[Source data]
+-------+
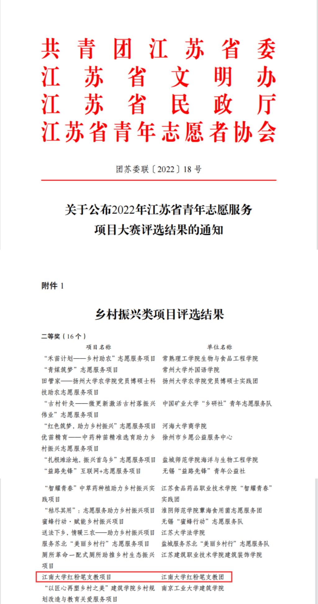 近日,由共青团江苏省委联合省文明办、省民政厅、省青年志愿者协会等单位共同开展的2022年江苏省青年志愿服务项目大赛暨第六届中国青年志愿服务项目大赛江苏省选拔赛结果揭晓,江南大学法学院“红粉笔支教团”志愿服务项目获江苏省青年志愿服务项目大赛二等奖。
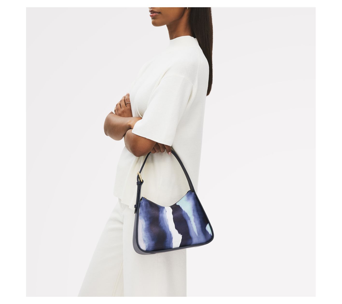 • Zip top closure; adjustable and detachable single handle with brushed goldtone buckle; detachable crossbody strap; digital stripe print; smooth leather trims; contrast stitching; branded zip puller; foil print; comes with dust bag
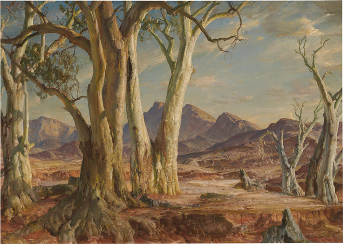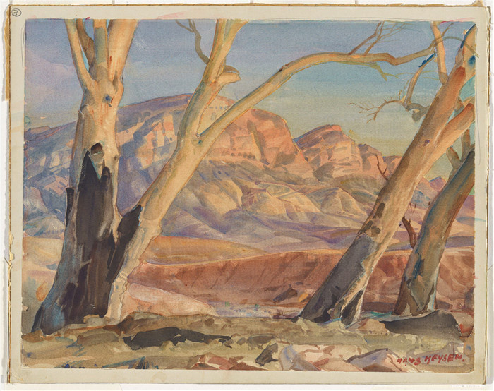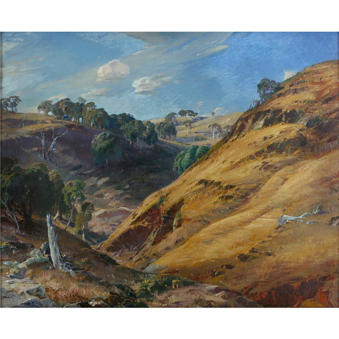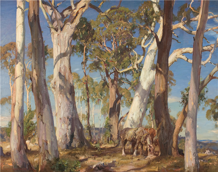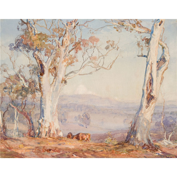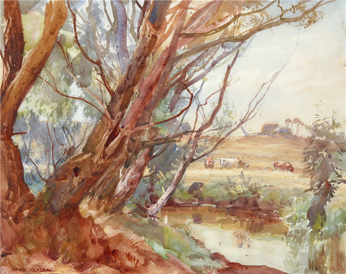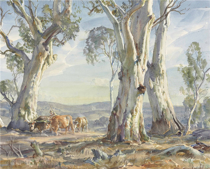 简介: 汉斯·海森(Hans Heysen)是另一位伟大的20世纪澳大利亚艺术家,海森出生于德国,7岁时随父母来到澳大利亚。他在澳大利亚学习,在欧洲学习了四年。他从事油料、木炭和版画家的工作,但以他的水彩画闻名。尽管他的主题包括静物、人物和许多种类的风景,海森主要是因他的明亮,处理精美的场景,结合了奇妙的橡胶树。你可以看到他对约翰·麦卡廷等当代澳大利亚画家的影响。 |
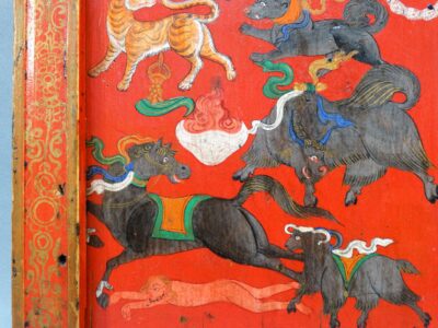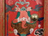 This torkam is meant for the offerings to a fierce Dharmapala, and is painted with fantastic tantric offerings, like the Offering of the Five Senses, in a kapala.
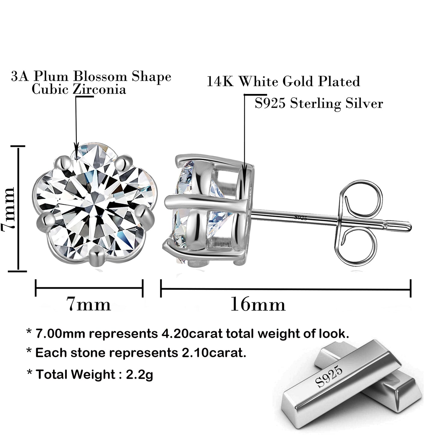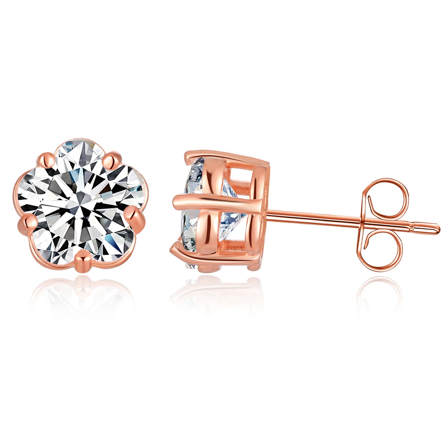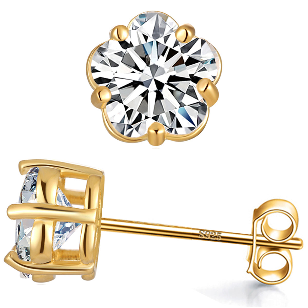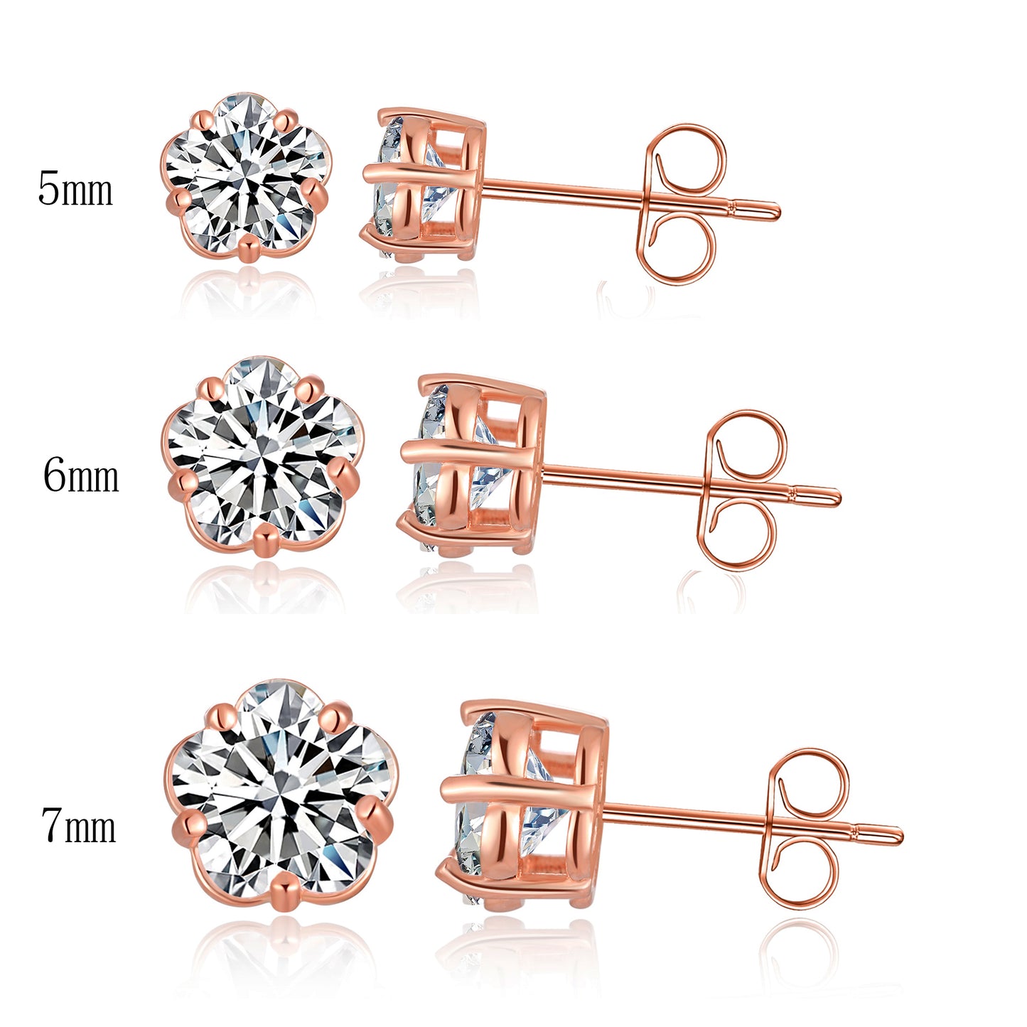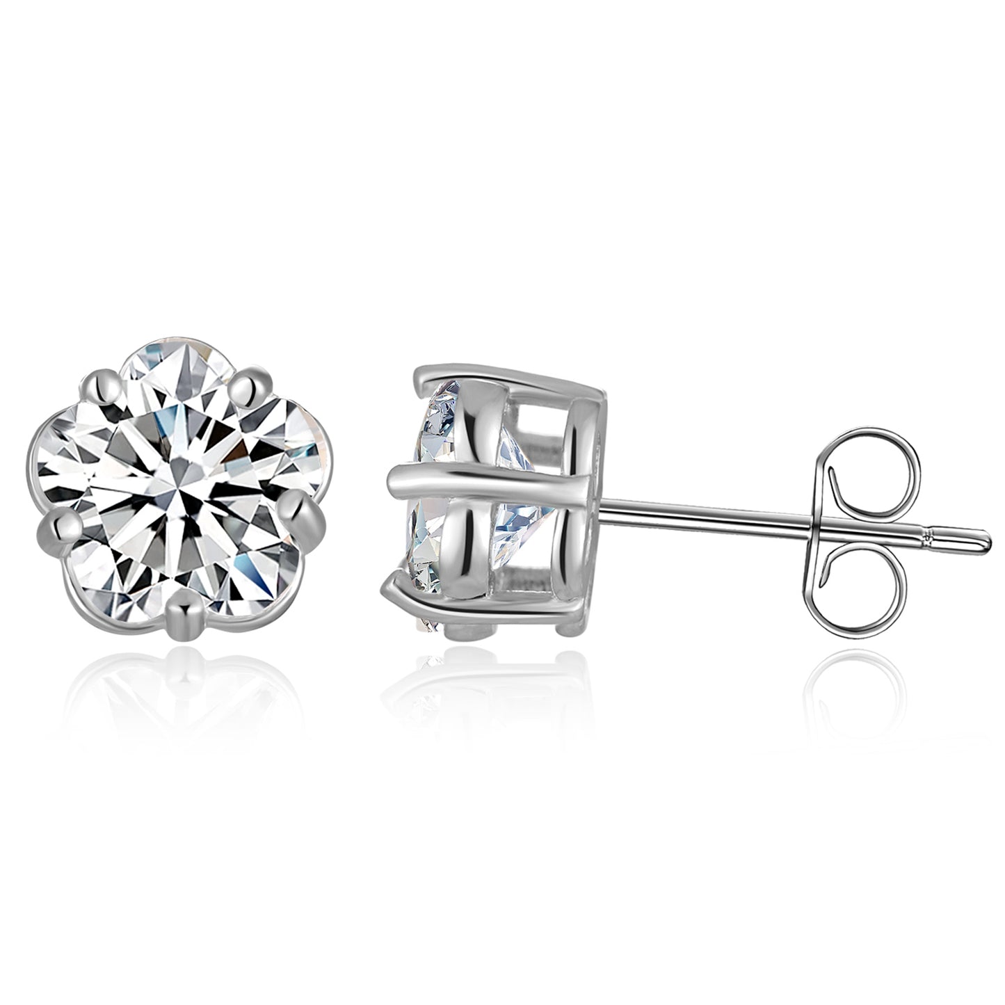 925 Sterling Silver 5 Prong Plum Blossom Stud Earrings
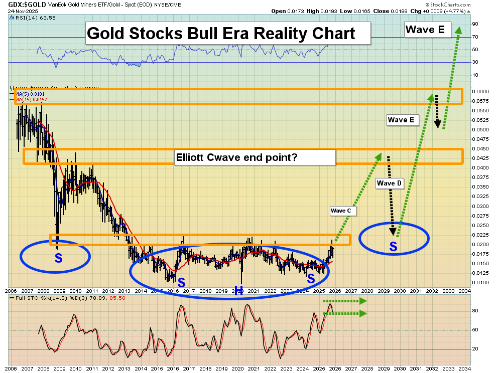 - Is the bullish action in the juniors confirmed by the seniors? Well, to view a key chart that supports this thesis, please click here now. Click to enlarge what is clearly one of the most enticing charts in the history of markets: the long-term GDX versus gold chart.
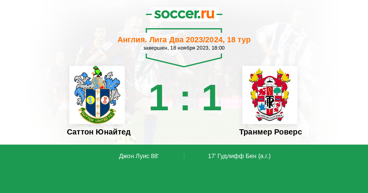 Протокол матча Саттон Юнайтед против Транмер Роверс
+-------+
_Exercise goal:_ Write out every entry above exactly, minus the pictures.

_Written answer:_
 近日,由共青团江苏省委联合省文明办、省民政厅、省青年志愿者协会等单位共同开展的2022年江苏省青年志愿服务项目大赛暨第六届中国青年志愿服务项目大赛江苏省选拔赛结果揭晓,江南大学法学院“红粉笔支教团”志愿服务项目获江苏省青年志愿服务项目大赛二等奖。
 • Zip top closure; adjustable and detachable single handle with brushed goldtone buckle; detachable crossbody strap; digital stripe print; smooth leather trims; contrast stitching; branded zip puller; foil print; comes with dust bag
 简介: 汉斯·海森(Hans Heysen)是另一位伟大的20世纪澳大利亚艺术家,海森出生于德国,7岁时随父母来到澳大利亚。他在澳大利亚学习,在欧洲学习了四年。他从事油料、木炭和版画家的工作,但以他的水彩画闻名。尽管他的主题包括静物、人物和许多种类的风景,海森主要是因他的明亮,处理精美的场景,结合了奇妙的橡胶树。你可以看到他对约翰·麦卡廷等当代澳大利亚画家的影响。 |
 This torkam is meant for the offerings to a fierce Dharmapala, and is painted with fantastic tantric offerings, like the Offering of the Five Senses, in a kapala.
 925 Sterling Silver 5 Prong Plum Blossom Stud Earrings
 - Is the bullish action in the juniors confirmed by the seniors? Well, to view a key chart that supports this thesis, please click here now. Click to enlarge what is clearly one of the most enticing charts in the history of markets: the long-term GDX versus gold chart.
 Протокол матча Саттон Юнайтед против Транмер Роверс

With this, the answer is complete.